I am working through the book *Geometric Deep Learning* (https://arxiv.org/abs/2104.13478) and have hit the following formula (Chapter 3.5, page 27).
> If $f$ is linear and $\mathfrak G$-invariant and $\mu(\mathfrak g)$ is Haar measure of the group $\mathfrak G$, then for all $x\in \mathcal{X}(\Omega)$,
> $$f(x) = \frac{1}{\mu(\mathfrak G)}\int_{\mathfrak G} f(\mathfrak g.x)d\mu(\mathfrak g) = f \left(\frac{1}{\mu(\mathfrak G)}\int_{\mathfrak G}(\mathfrak g.x)d\mu(\mathfrak g)\right)$$
> which indicates that $F$ only depends on $x$ through the $\mathfrak G$-average $Ax= \frac{1}{\mu(\mathfrak G)}\int_{\mathfrak G} f(\mathfrak g.x)d\mu(\mathfrak g)$.
Two questions.
1. It doesn't seem obvious to me that the function $f$ being linear and $\mathfrak G$-invariant allows the integral $\int_{\mathfrak G}\cdot \, d\mu(\mathfrak g)$ to just go inside(?) the function $f$. The authors gave no explation as to how it is done. How is the formula derived?

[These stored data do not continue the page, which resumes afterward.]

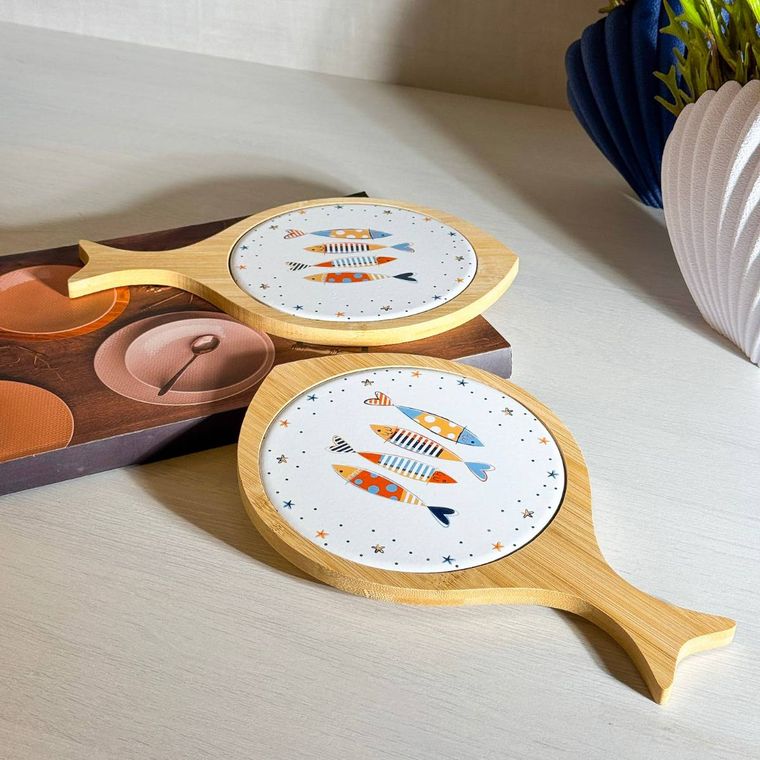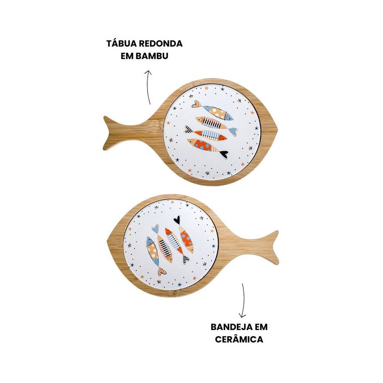 Kit 2 Tábuas Formato de Peixe em Bambu e Cerâmica - Coleção Peixes
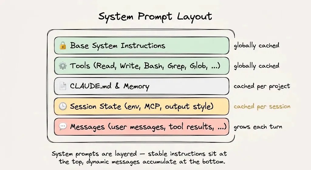 但準則在於細節。不要將時間戳記注入系統提示詞中,不要打亂工具定義,不要在中途切換模型,也不要變更快取斷點之前的任何內容。
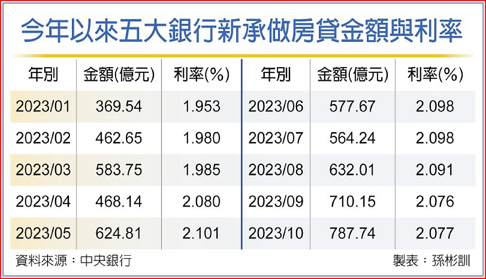 據央行公布的台銀、土銀、合庫銀、一銀、華銀等五大銀行新增房貸統計,新承作房貸自8月來每月攀升,8月新增632.01億元、9月新增710.15億元、10月新增787.74億元;五大銀行合計承做房貸比重,約占全體銀行近四成,一向被視為房市風向球。
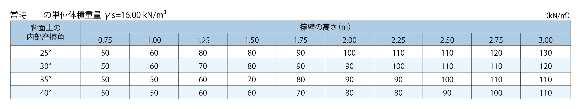 - 常時 土の単位体積重量 γs=16.00 kN/m³
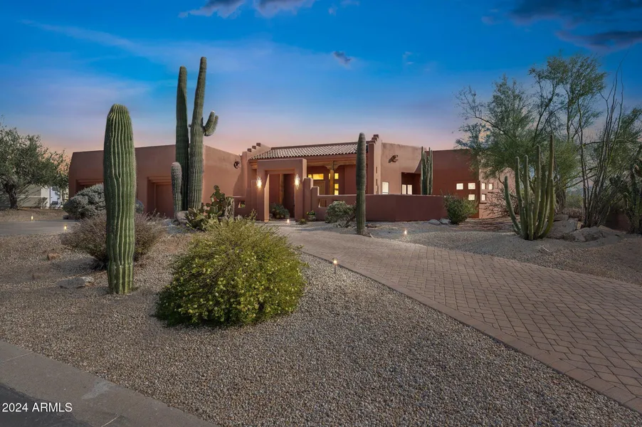 Nestled in the exclusive gated community of Desierto Vida, this beautiful custom territorial home offers unparalleled privacy and breathtaking mountain views and lush saguaro cactus throughout property. Boasting 12' ceilings and a bright, open, single-level split floor plan, whole house sound system the home is designed for effortless elegance. Floor-to-ceiling windows frame the serene backyard, where a sparkling pool, spa, water feature, and 3600 sq. ft. of pavers create an entertainer's paradise. The spacious kitchen features a large island, gas cooktop, Sub-Zero refrigerator, dual ovens, and a walk-in pantry, flowing seamlessly into the family room and nook. The beautiful primary suite includes a fireplace, dual walk-in closets, dual vanities, a soaking tub, and backyard access. Secondary Bedrooms feature either an ensuite or jack and jill bath set up, both with walk-in closets. On ne...
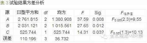 對正交試驗結(jié)果作進一步方差分析,見表 3。
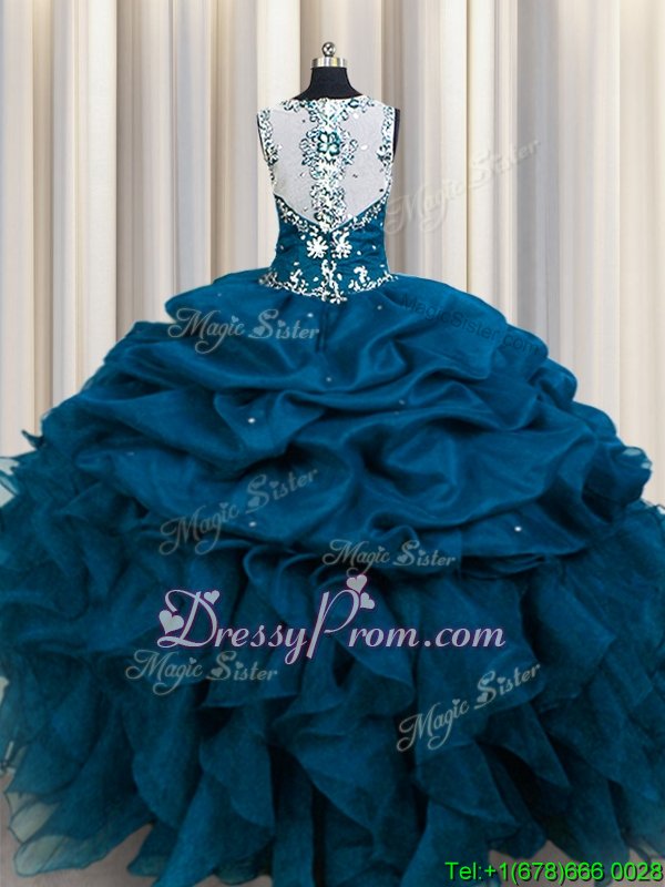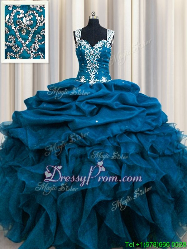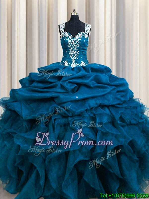 Neckline : StrapsShown Color : Teal Silhouette : Ball GownsSleeve Length : sleevelessHemline : floor lengthBack Detail : ZipperFabric : OrganzaEmbellishment : Beading,Ruffles,SequinsOccasion : Military Ball,Sweet 16,QuinceaneraSeason : Spring,Summer,Fall,Winter
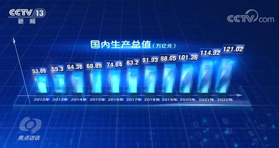 國家統(tǒng)計局局長康義:“這是繼2020年、2021年連續(xù)突破100萬億元、110萬億元之后,又躍上新的臺階。經(jīng)濟總量和人均水平持續(xù)提高,意味著我國的綜合國力、社會生產(chǎn)力、國際影響力、人民生活水平進一步提升?!?/p>
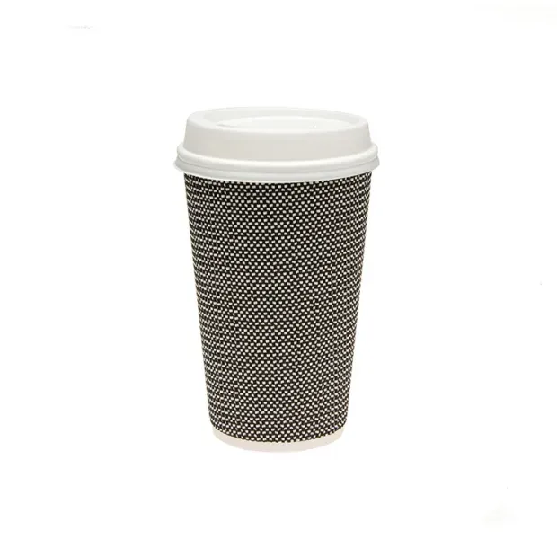 Clearance Item With a triple wall construction these multilayer cup is a mix of great value and performance. PE lined. Key Benefits: Great value Bold black & white print ripple texture for comfort and ease of grip
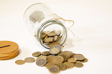 Financial concept, A malaysia ringgit coin in transparent glass bottle isolated white background
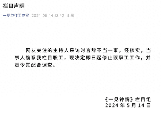 近日,“情侣拒绝采访被主持人劝分手”引发关注,有网友指出该街采记者疑为青岛广播电视台主持人。5月14日,青岛电视台《一见钟情》栏目发布声明:网友关注的主持人采访时言辞不当一事,经核实,当事人确实系我栏目职工,现决定即日起停止该职工工作,并责令其配合调查。
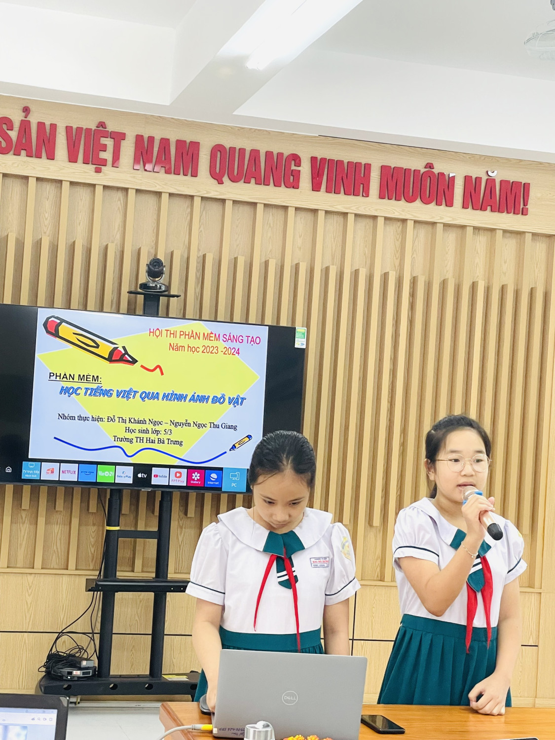 Tham gia cuộc thi lần này, có 18 sản phẩm phần mềm của 7 trường tiểu học trên địa bàn quận hướng đến tính năng hỗ trợ vui học tiếng Việt. Trường Tiểu học Hai Bà Trưng tham gia với 2 sản phẩm dựu thi: sản phẩm “Học Tiếng Việt qua hình ảnh đồ vật dành cho người nước ngoài” của nhóm học sinh Đỗ Thị Khánh Ngọc và em Nguyễn Ngọc Thu Giang – lớp 5/3 và sản phẩm “Bé học ca dao tục ngữ Việt Nam” của nhóm học sinh Đặng Nguyễn Gia Bảo và Trần Phước Trung- lớp 3/4. Ban giám khảo sẽ chấm chọn ra những sản phẩm tốt nhất để tiếp tục dự thi phần mềm sáng tạo cấp thành phố được diễn ra vào tháng 5/2024.
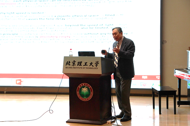 10月15日上午9点至12点,在7号教学楼报告厅,杨振寰教授连续作了以“Time: The Enigma of Space”和“Time-Space Quantum Entanglement”为题的两个学术报告。学术报告会由周立伟院士主持,det365登录网站主页教师和研究生共200余人聆听了报告。在第一个报告中,杨振寰教授从爱因斯坦的质能方程出发,通过引入时间变量,提出微分形式的物质方程,进而提出时序宇宙的概览,并进一步生动地描绘了时间在宇宙创生过程中所起的重要作用。
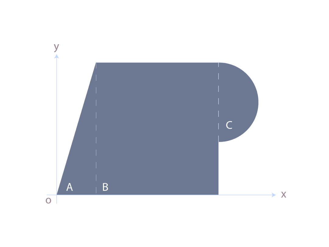 Las ecuaciones de la estática (∑F = 0; ∑M = 0) establecen, en principio, que, con la suma de áreas de las figuras, se realiza la ecuación en la que el área que equilibra, precisamente, será igual a dicha suma:
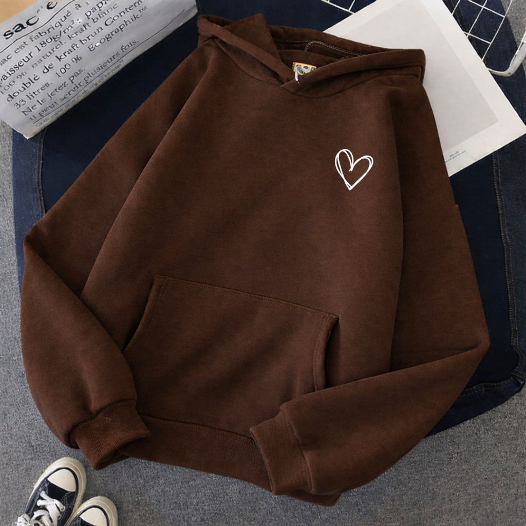 Moletom Canguru Blusa de Frio Unissex Capuz e Bolsos Estampado Com Coração
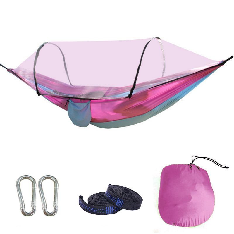 완전 자동 빠른 개방형 지지대 모기 방지 모기장 해먹 야외 캠핑 캠핑 전복 방지 통기성 메쉬 해먹 더블
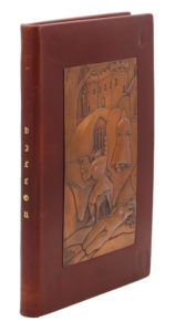Paris, Léon Pichon, 1922. In-4, box marron, premier plat orné d'une grande plaque en métal, dos lisse avec titre à froid, doublure et gardes de moire brune, tête dorée, non rogné, couverture et dos, étui (Reliure de l'époque).Belle édition imprimée avec les caractères gothiques de Jean Du Pré, ornée de 107 gravures originales sur bois d'Hermann-Paul formant des encadrements du texte.
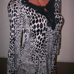 LIKE NEW BLACK WHITE AGORA ANIMAL PRINT LACE SILK LONG SLEEVED SHIRT BLOUSE DRESS TOP SIZE SMALL SM $20San Tan Valley, AZ
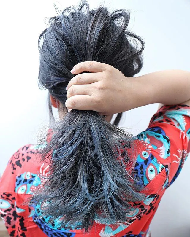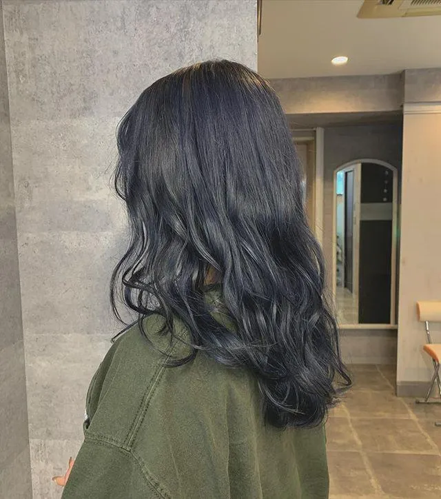ブルーブラックからブルージュになっていくグラデーションカラー。かなり暗髪ですが、重たい印象にならないのがポイントですよね。
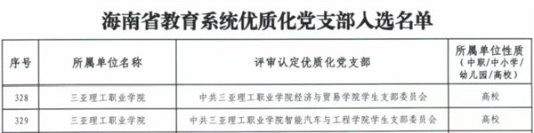 近日,中共海南省委教育工作委員會正式公布2025年海南省教育系統(tǒng)優(yōu)質(zhì)化黨支部評選結(jié)果,三亞理工職業(yè)學院智能汽車與工程學院學生黨支部和經(jīng)濟與貿(mào)易學院學生黨支部被認定為“海南省教育系統(tǒng)優(yōu)質(zhì)化黨支部”。
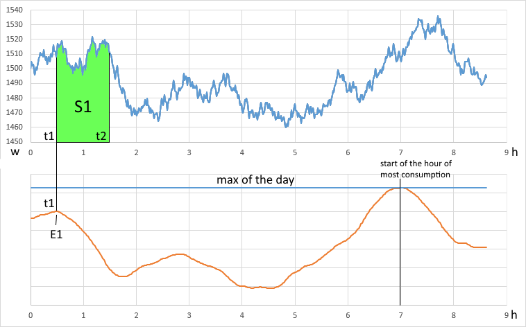 然后,您只需选择一天中最大的E1,以获得最耗电的时间,在这种情况下,h=7到7+1!
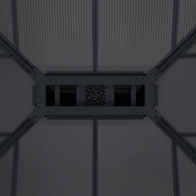 Robuste, la construction de cette tonnelle de jardin Dallas de Canopia by Palram est réalisée en aluminium avec connecteurs en acier galvanisé découpés au laser pour une stabilité idéale. Le revêtement en poudre anthracite est très efficace contre la rouille et apporte une note tendance dans votre extérieur.
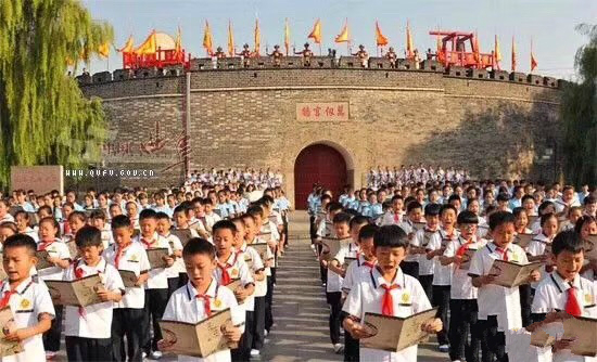 上午九時,萬仞宮墻前,大中小學生、企業(yè)職工等各界群眾共2568人齊聲誦讀《論語》經(jīng)典語句。
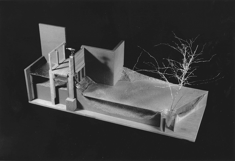 Indicator Fur Burg Vischering: Proposed model showing the linden tree, Tilia tomentosa made of stainless steel concealing a cast cuculus indicator, bird, water flowing through the weir gate is key to monitoring the installation. 1999
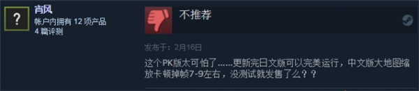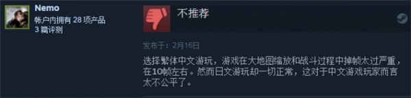 1、繁体中文版本的优化效果不佳,日文版本运行起来却十分流畅,这让国内玩家感到非常不满。
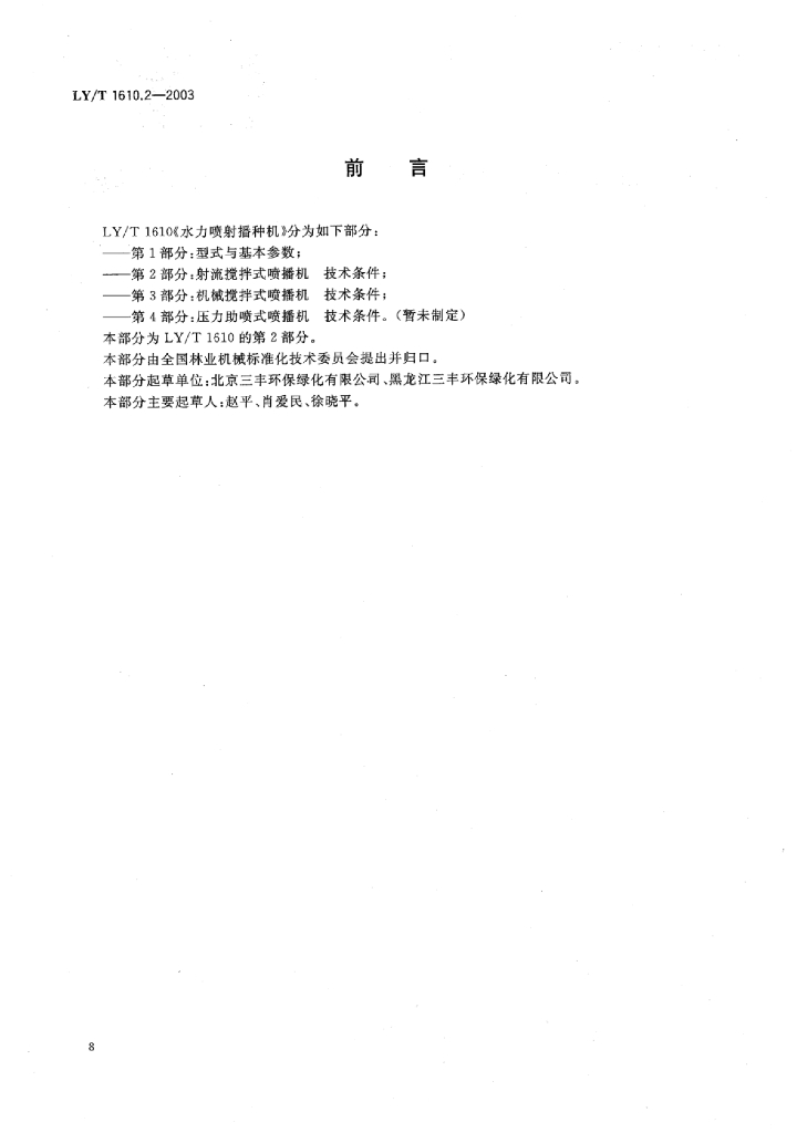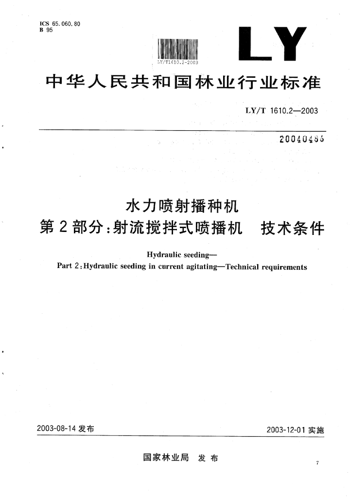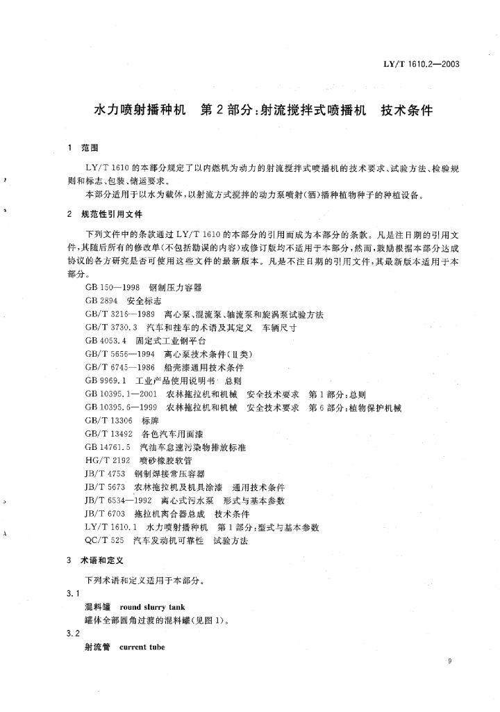 LY/T 1610.2-2003 水力喷射播种机 第2部分:射流搅拌式喷播机技术条件
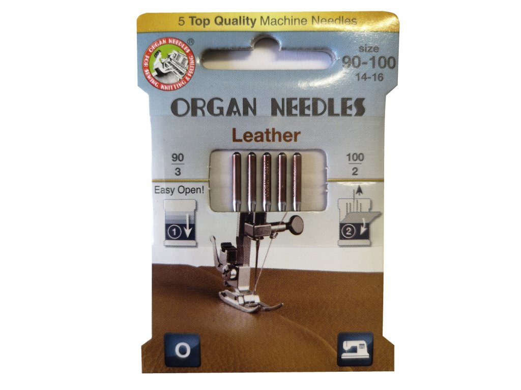 Jehly na kůži LEATHER – profesionální volba pro šití kůže a imitace kůže na domácím stroji. Speciální řezný hrot proniká materiálem hladce, bez trhání a s dokonale čistým stehem. Plochý dřík zajišťuje jisté usazení a stabilitu – pro krásné, pevné švy i v náročných projektech.
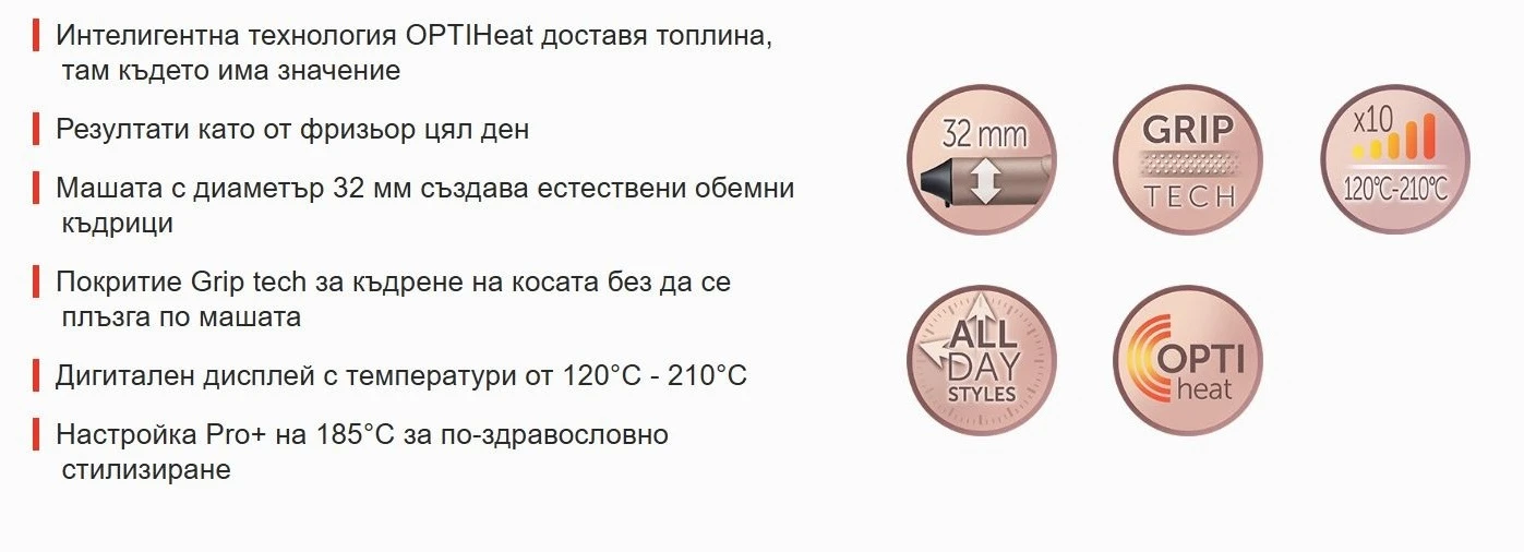 OPTIheat технология равномерно разпределя температура по цялата дължина на работния елемент, избягва горещи ядра и намалява вероятността за увреждане на косата, предизвиквано от прекомерно или неравномерно загряване. При необходимост насочва топлина към по-дебелите части на кичура, а GRIP TECH иновацията предотвратява плъзгането на кичура към дръжката по време на работа.

2. I don't know how this operation of integral $\int_{\mathfrak G}\cdot \, d\mu(\mathfrak g)$ 'going inside' the function $f$ is called. Would 'commute' be appropriate term? (For example, the function $f$ and integral $\int_{\mathfrak G}\cdot \, d\mu(\mathfrak g)$ commute with each other.)